Problem details: Leave out the images and repeat every entry below exactly.

Provided entries:
Start of Block
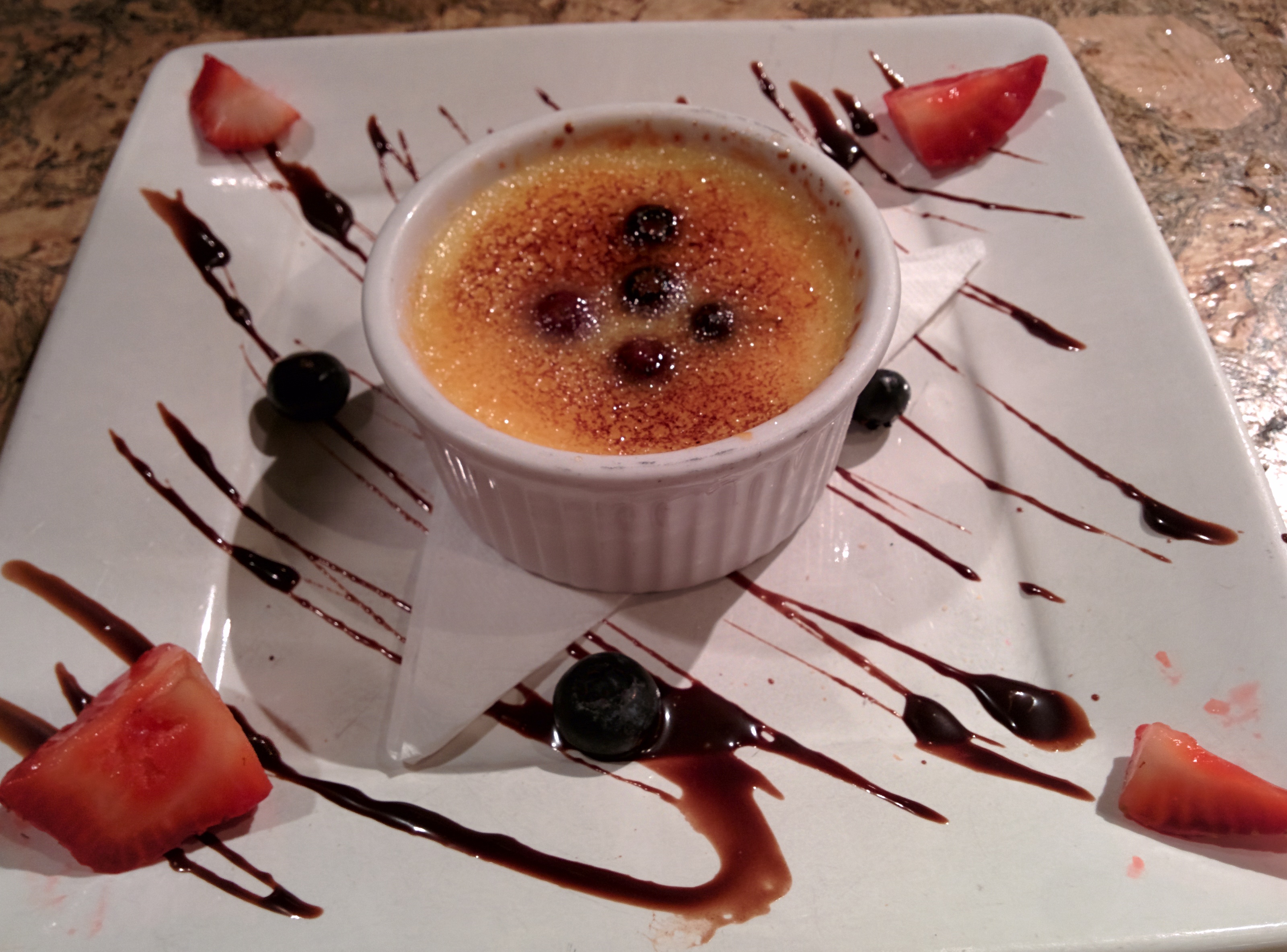 Lastly was the creme brulee. I hate creme brulee. The crust is usually too hard and it’s too sweet. The one at Russell’s Bistro had a very nice crust on it, it wasn’t too sweet, and the cream to egg ratio combined to ensure that one ingredient didn’t dominate the other too much. Also, it was just pretty to look at.
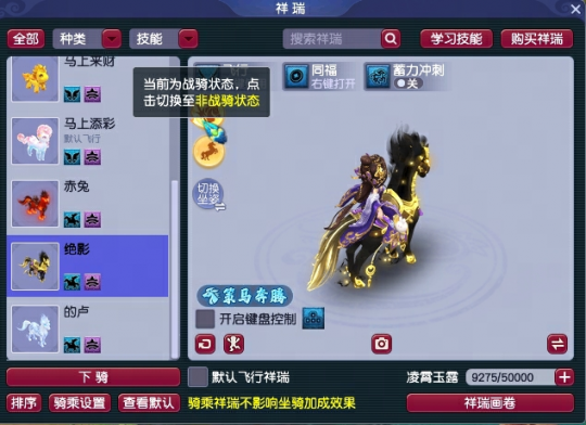 相信少侠们都被祥瑞的【冲刺玩法】吸引到了 而新春祥瑞可不止有冲刺! 今天带来更多祥瑞玩法的介绍。 【冲刺功能:风驰电掣,策马奔腾】 2026年新春祥瑞均携带蓄力冲刺技能,开启技能后, 长按鼠标右键或键盘shift键进入蓄力状态, 松开时开始高速冲刺,最高可进行三段蓄力加速 三段蓄力完美释放时分别消耗1/2/3点凌霄玉露 续航固定消耗1点凌霄玉露。
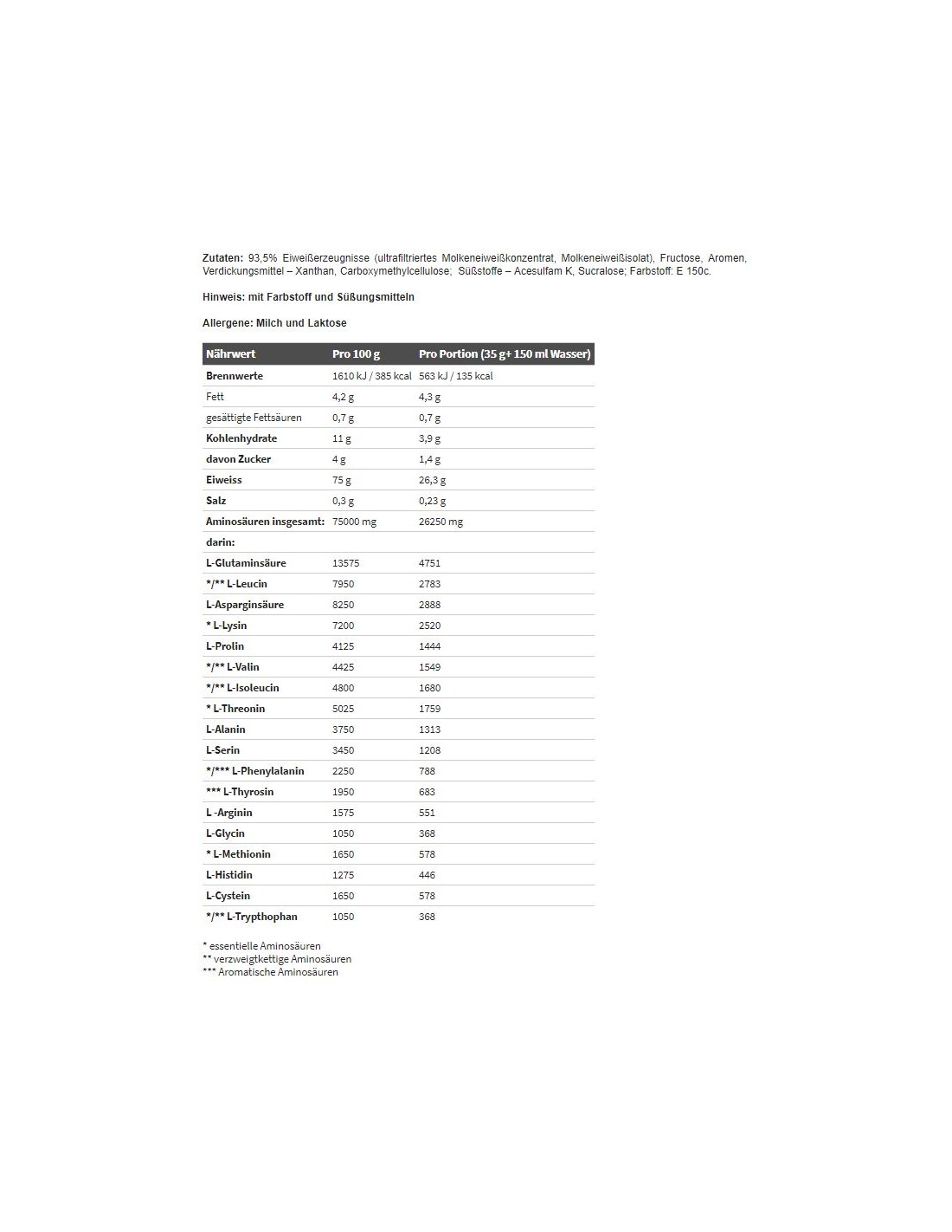 Zutaten: 95% Eiweißerzeugnisse (Molkeneiweißkonzentrat (aus Milch), Molkeneiweißisolat (aus Milch)), Aromen, Erdnuss mehl (für Peanut Butter Geschmack), Säureregulatoren Citronensäure, Natriumcitrate; Verdickungsmittel Gummi arabicum, Xanthan, Natrium-Carboxymethylcellulose; Süßungsmittel Acesulfam K, Sucralose; Emulgator Lecithine (aus Soja); Salz, Farbstoffe: Carotin (A), Echtes Karmin (B), Riboflavine (C), E 150c (D), E 150d (E), E 133 (F).
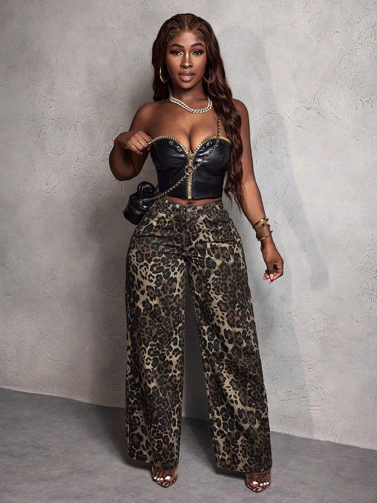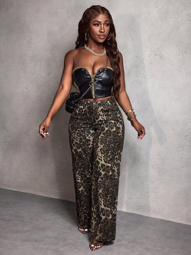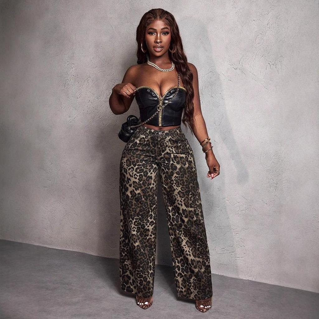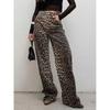Женские джинсовые брюки с леопардовым принтом, с высокой талией и широкими штанинами - Новый европейский и американский стиль
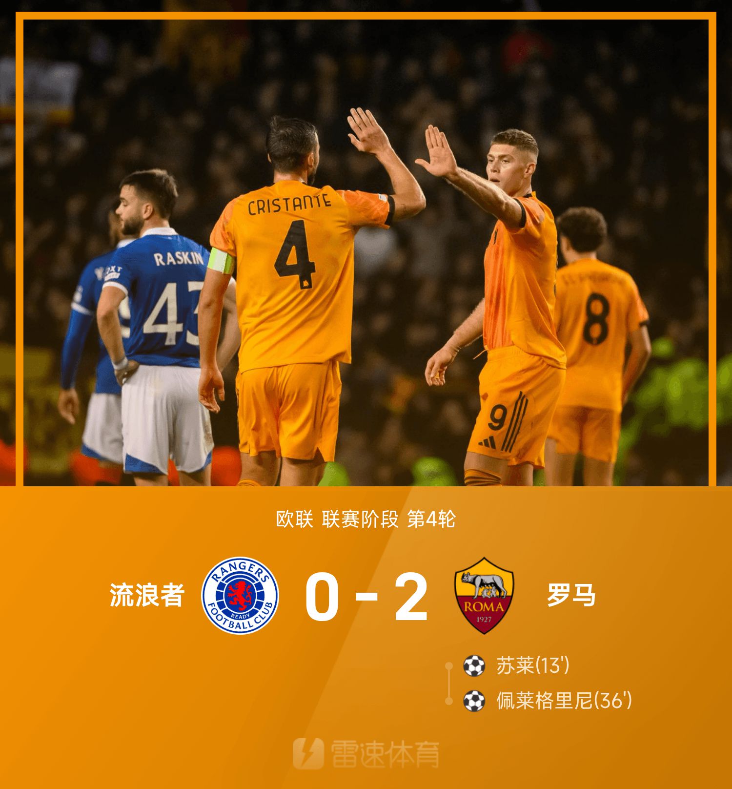6686 ข่าวกีฬาเมื่อวันที่ 7 พฤศจิกายน ในรอบที่สี่ของยูโรปาลีก 25/26 โรมาเอาชนะเรนเจอร์ส 2-0 ในครึ่งแรกของเกม ซูเล และเปเญกรินี่ทำประตูได้อย่างต่อเนื่องเพื่อช่วยให้โรมาคว้าชัยชนะได้ ในครึ่งหลังของเกม Celik พลาดโอกาสทำประตูที่ว่างเปล่าและทั้งสองทีมไม่สามารถเปลี่ยนสกอร์ได้ สุดท้ายทีมเยือนโรม่าเอาชนะเรนเจอร์ส 2-0
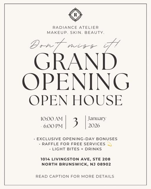 As North Brunswick continues to expand its small‑business landscape, Radiance Atelier adds a fresh, modern touch to the local beauty scene. Whether you’re a skincare enthusiast, a makeup lover, or simply curious about what the studio offers, the grand opening is a perfect opportunity to explore a new space dedicated to self‑care and confidence.
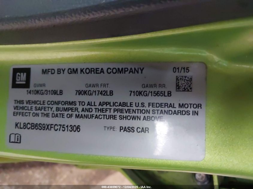 2015 CHEVROLET SPARK 2015 року Бензин, 1.2, Передний привод, vin - KL8CB6S9XFC751306 из США
End of Block
Result of the task:
 Lastly was the creme brulee. I hate creme brulee. The crust is usually too hard and it’s too sweet. The one at Russell’s Bistro had a very nice crust on it, it wasn’t too sweet, and the cream to egg ratio combined to ensure that one ingredient didn’t dominate the other too much. Also, it was just pretty to look at.
 相信少侠们都被祥瑞的【冲刺玩法】吸引到了 而新春祥瑞可不止有冲刺! 今天带来更多祥瑞玩法的介绍。 【冲刺功能:风驰电掣,策马奔腾】 2026年新春祥瑞均携带蓄力冲刺技能,开启技能后, 长按鼠标右键或键盘shift键进入蓄力状态, 松开时开始高速冲刺,最高可进行三段蓄力加速 三段蓄力完美释放时分别消耗1/2/3点凌霄玉露 续航固定消耗1点凌霄玉露。
 Zutaten: 95% Eiweißerzeugnisse (Molkeneiweißkonzentrat (aus Milch), Molkeneiweißisolat (aus Milch)), Aromen, Erdnuss mehl (für Peanut Butter Geschmack), Säureregulatoren Citronensäure, Natriumcitrate; Verdickungsmittel Gummi arabicum, Xanthan, Natrium-Carboxymethylcellulose; Süßungsmittel Acesulfam K, Sucralose; Emulgator Lecithine (aus Soja); Salz, Farbstoffe: Carotin (A), Echtes Karmin (B), Riboflavine (C), E 150c (D), E 150d (E), E 133 (F).
Женские джинсовые брюки с леопардовым принтом, с высокой талией и широкими штанинами - Новый европейский и американский стиль
6686 ข่าวกีฬาเมื่อวันที่ 7 พฤศจิกายน ในรอบที่สี่ของยูโรปาลีก 25/26 โรมาเอาชนะเรนเจอร์ส 2-0 ในครึ่งแรกของเกม ซูเล และเปเญกรินี่ทำประตูได้อย่างต่อเนื่องเพื่อช่วยให้โรมาคว้าชัยชนะได้ ในครึ่งหลังของเกม Celik พลาดโอกาสทำประตูที่ว่างเปล่าและทั้งสองทีมไม่สามารถเปลี่ยนสกอร์ได้ สุดท้ายทีมเยือนโรม่าเอาชนะเรนเจอร์ส 2-0
 As North Brunswick continues to expand its small‑business landscape, Radiance Atelier adds a fresh, modern touch to the local beauty scene. Whether you’re a skincare enthusiast, a makeup lover, or simply curious about what the studio offers, the grand opening is a perfect opportunity to explore a new space dedicated to self‑care and confidence.
 2015 CHEVROLET SPARK 2015 року Бензин, 1.2, Передний привод, vin - KL8CB6S9XFC751306 из США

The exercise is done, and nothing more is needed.